• Material to process:
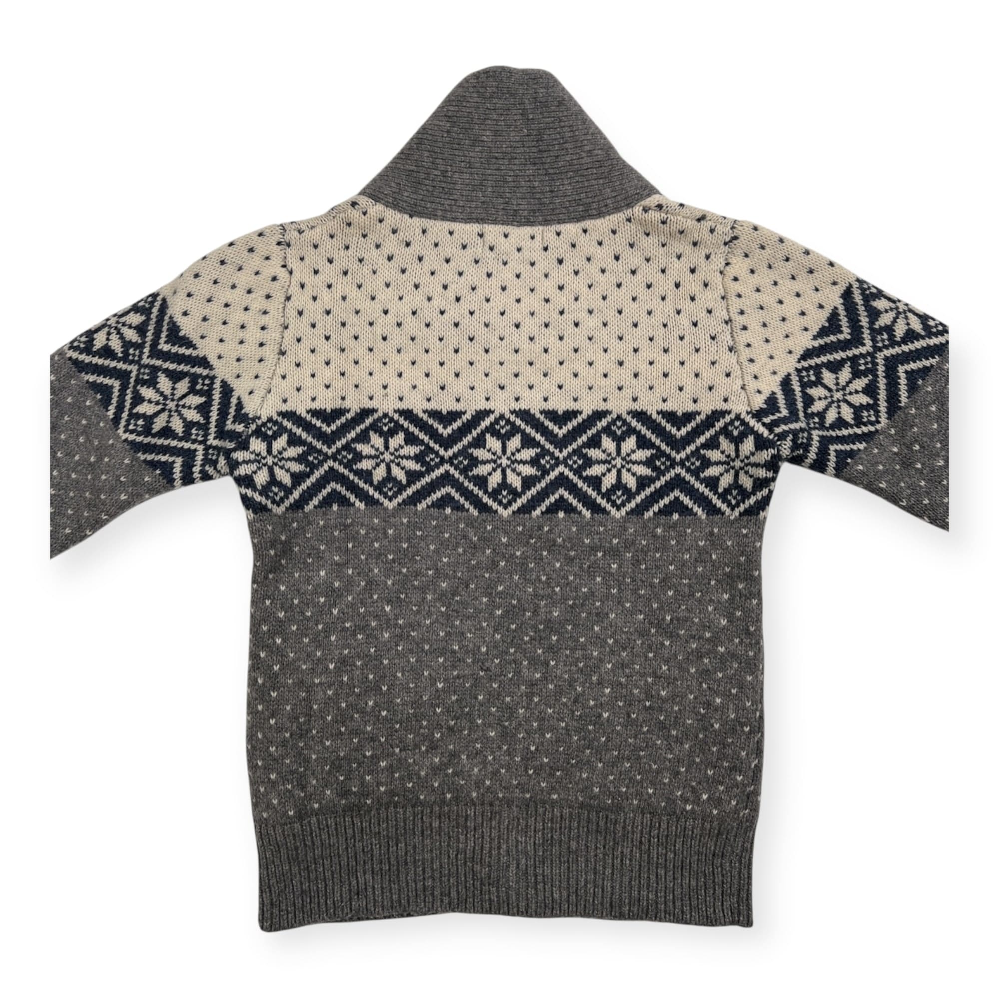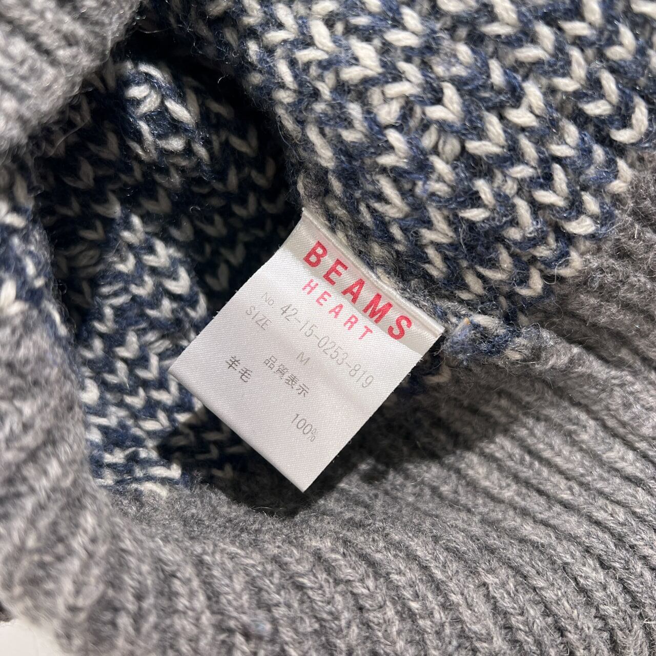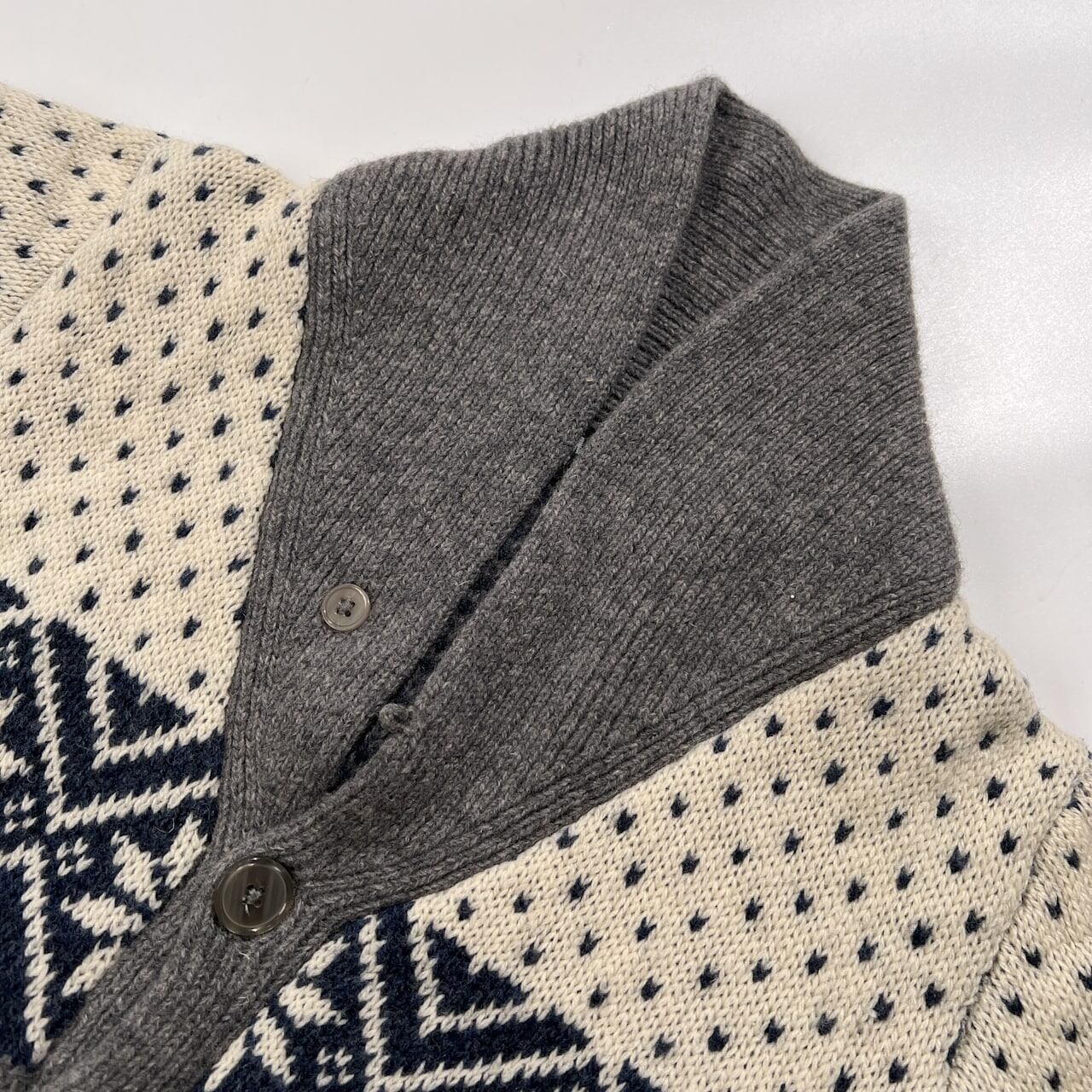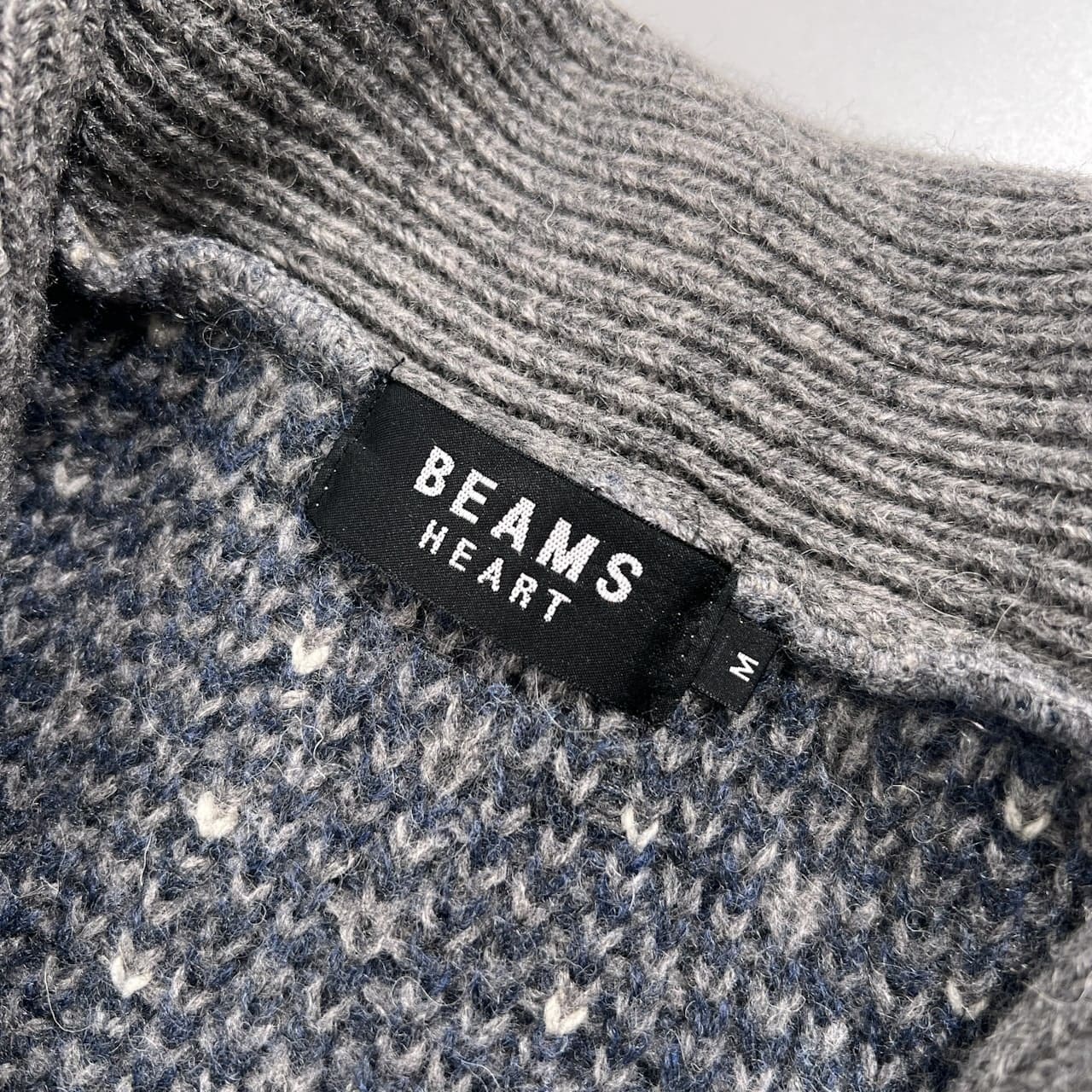 BEAMS HEART ビームス 羊毛100% ウール ショールカラー ニット カーディガン M /グレー系 雪柄 ノルディック 厚手 セーター
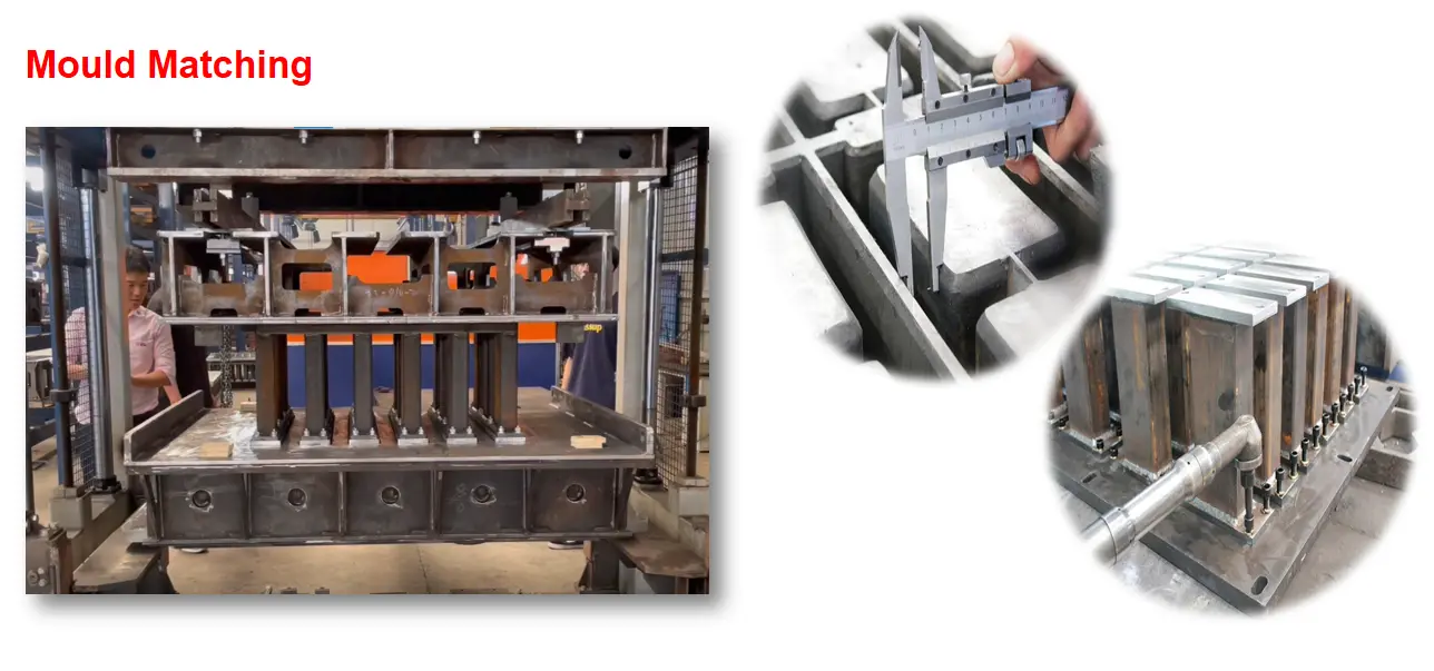 2. Brú: Cuir brú ar an múnla trí chóras brú an mheaisín bloc chun an t-ábhar a bhrú agus a dhlúth sa chuas múnla. Faoin brú, tá na cáithníní san ábhar gar dá chéile, tá an t-aer eisiata, agus déantar brící le neart agus cruth áirithe a fhoirmiú de réir a chéile.
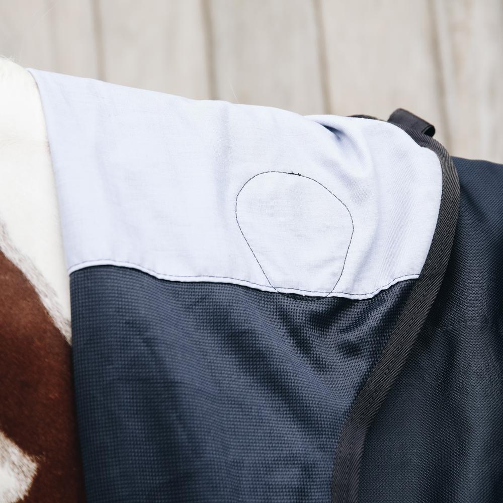Nach der Entwicklung unserer hoch innovativen magnetischen Decke aus Recuptex haben wir nun das passende Stück für den Hals entwickelt, das perfekt zu dieser Decke passt. Das Halsstück verwendet die gleiche Recuptex-Gewebetechnologie, die sich als die modernste verfügbare Technik erwiesen hat. Basierend auf der Bekaert BEKINOX®-Technologie enthält es feinstes Inox-Garn (eine Edelstahlfaser), das in das Gewebe eingewebt wird. So entsteht ein Faraday-Käfig, der die im Körper des Pferdes erzeugten Magnetfelder reflektiert. Die Erhaltung dieser Felder regt die Durchblutung und den Sauerstofffluss an. Gleichzeitig wird so auch der Erholungsprozess in einer natürlichen Schutzumgebung beschleunigt. Das Halsstück besteht aus einem sehr widerstandfähigen Netzgewebe, das sowohl im Sommer als auch im Winter verwendet werden kann. Es ist ideal, um die Muskeln der Pferde vor und nach dem Reiten zu entspannen und kann auch über Nacht sehr gut auf dem Pferd gelassen werden. Wir empfehlen, das Halsstück zu Beginn ca. eine Stunde zu benutzen und die Anzahl der Stunden auf dem Pferd in den nächsten Tagen allmählich zu erhöhen. So können die Pferde sich an den entstehenden Kribbeleffekt gewöhnen. Das Halsstück kann mit einer einfachen Schnalle an der Decke befestigt werden und hat auch zwei starke Klettverschlüsse. Maschinenwaschbar bei 30°, kein Trockner.
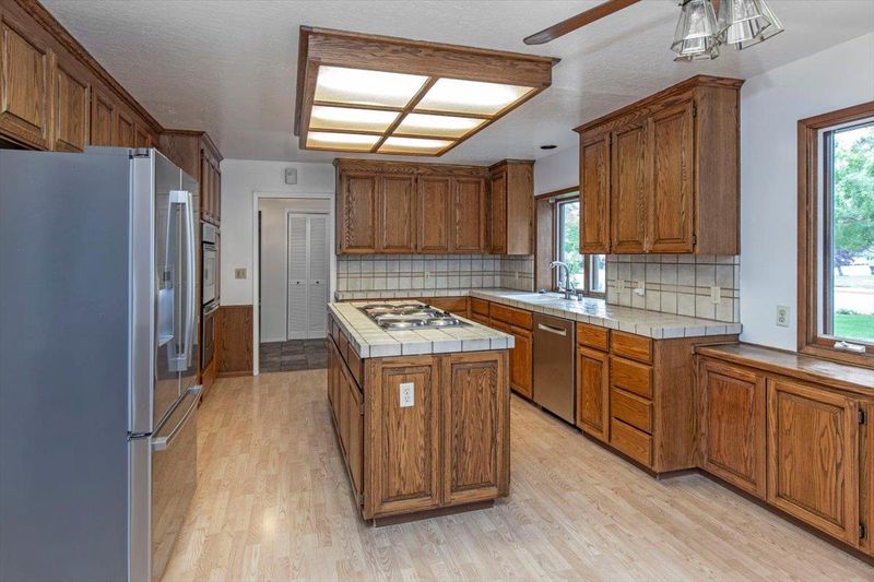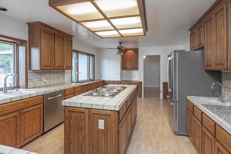 - 220 Volt Outlet, Countertop - Marble, Countertop - Tile, Dishwasher, Exhaust Fan, Garbage Disposal, Island with Sink, Oven - Built-In, Oven - Double, Refrigerator
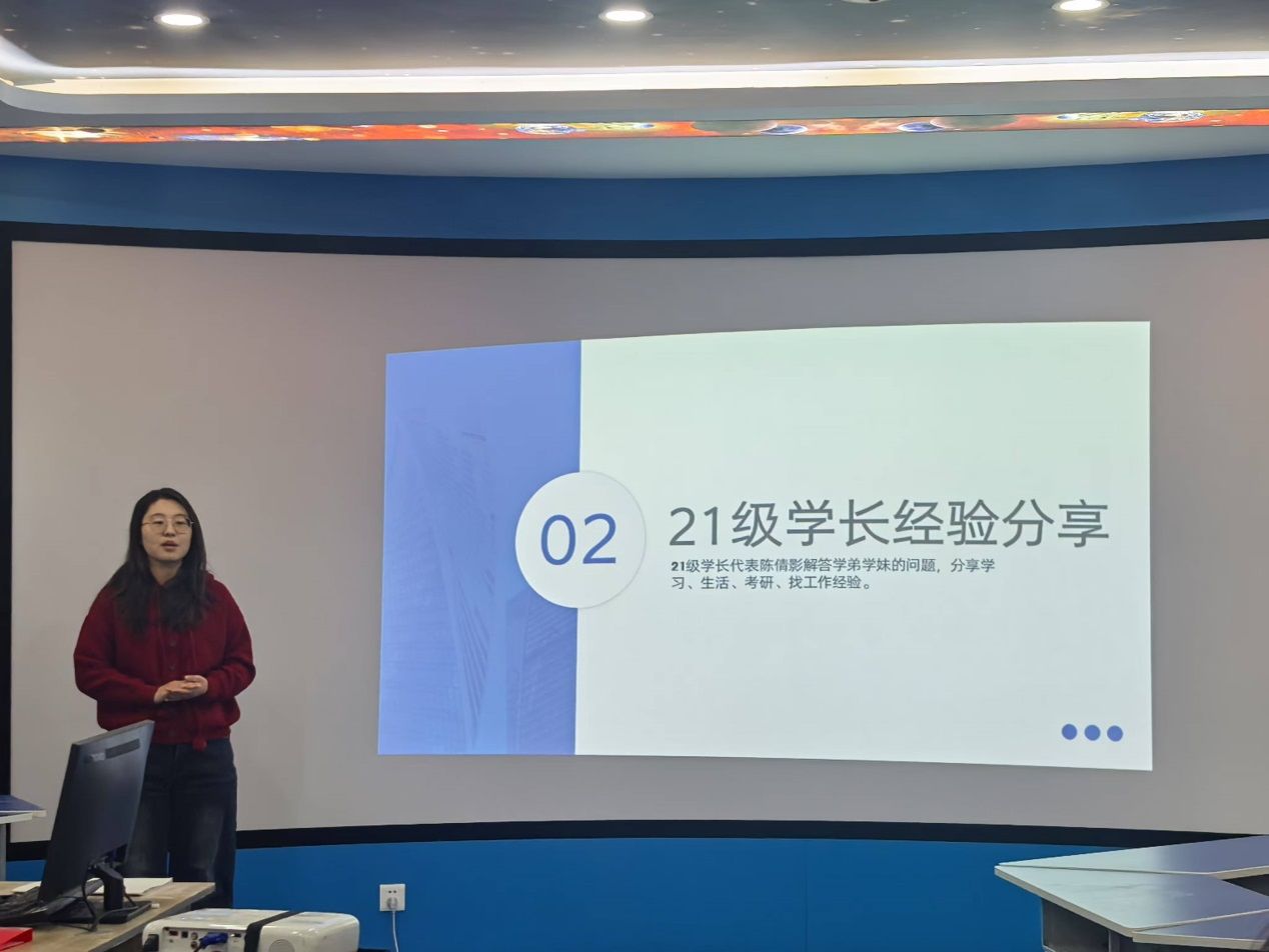 活动伊始,低年级的组员们依次分享着自己在学习、工作与生活中的所思所悟,畅谈学业展望与就业规划。他们的话语或青涩稚嫩,或沉稳笃定,都饱含着对未来的无限憧憬。随后,2021级学姐陈倩影耐心解答学弟学妹们心中的困惑,将自己在学习、生活、考研以及求职路上的宝贵经验倾囊相授。那些曾经走过的弯路、收获的成功,都化作一句句真挚的建议,为后来者点亮前行的路灯。
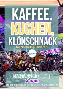 Wir freuen uns über viele Teilnehmer in den Räumen vom E-Bike-Zentrum allrid-E im Gewerbegebiet Gnutzer Straße 20.
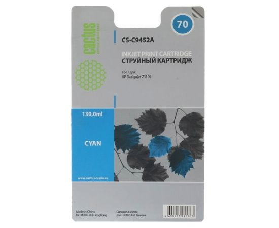 Картридж струйный Cactus CS-C9452A голубой для №70 HP Designjet Z3100 (130ml)
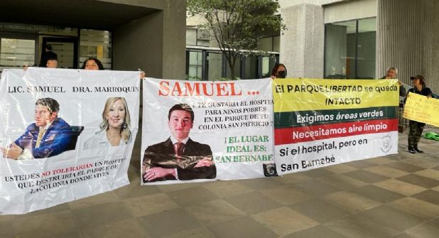 Vecinos de la zona norte del Monterrey se manifestaron en las afueras del Congreso del Estado para exigir que el Hospital de Oncología Infantil, cuyo proyecto, es del gobierno de Nuevo León no se construya en el Parque Libertad, en donde antes estaba el Penal del Topo Chico.
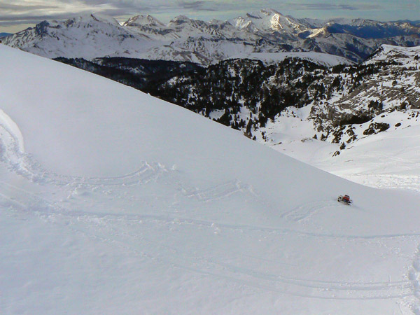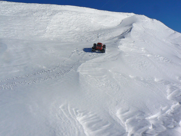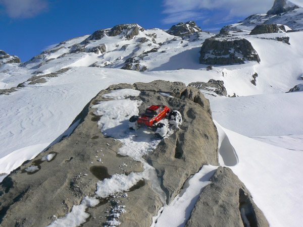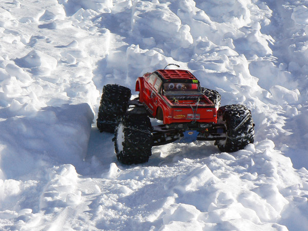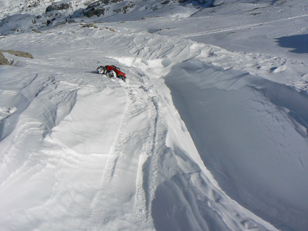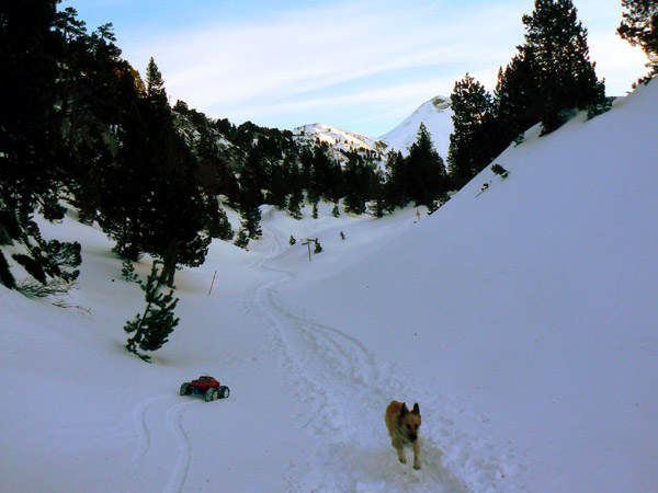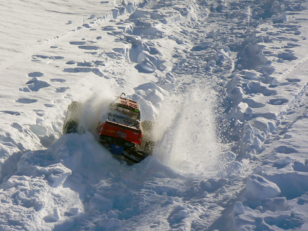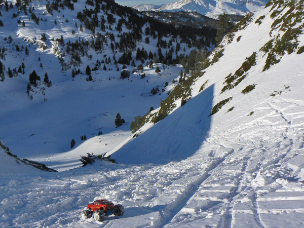 Curiosa forma de bajart la pendiente nevada con un 4x4 de radiocontrol, comova deslizando por la diagonal a medida que baja ponemos primera velocidad hacia adelante y golpe de marcha atras al pasar de Zig a Zag !

• Exercise details: In the records above, find the line that contains "Wir freuen uns" and repeat exactly that line and all lines after it to the end. Do not include pictures.

• Reply:
 Wir freuen uns über viele Teilnehmer in den Räumen vom E-Bike-Zentrum allrid-E im Gewerbegebiet Gnutzer Straße 20.
 Картридж струйный Cactus CS-C9452A голубой для №70 HP Designjet Z3100 (130ml)
 Vecinos de la zona norte del Monterrey se manifestaron en las afueras del Congreso del Estado para exigir que el Hospital de Oncología Infantil, cuyo proyecto, es del gobierno de Nuevo León no se construya en el Parque Libertad, en donde antes estaba el Penal del Topo Chico.
 Curiosa forma de bajart la pendiente nevada con un 4x4 de radiocontrol, comova deslizando por la diagonal a medida que baja ponemos primera velocidad hacia adelante y golpe de marcha atras al pasar de Zig a Zag !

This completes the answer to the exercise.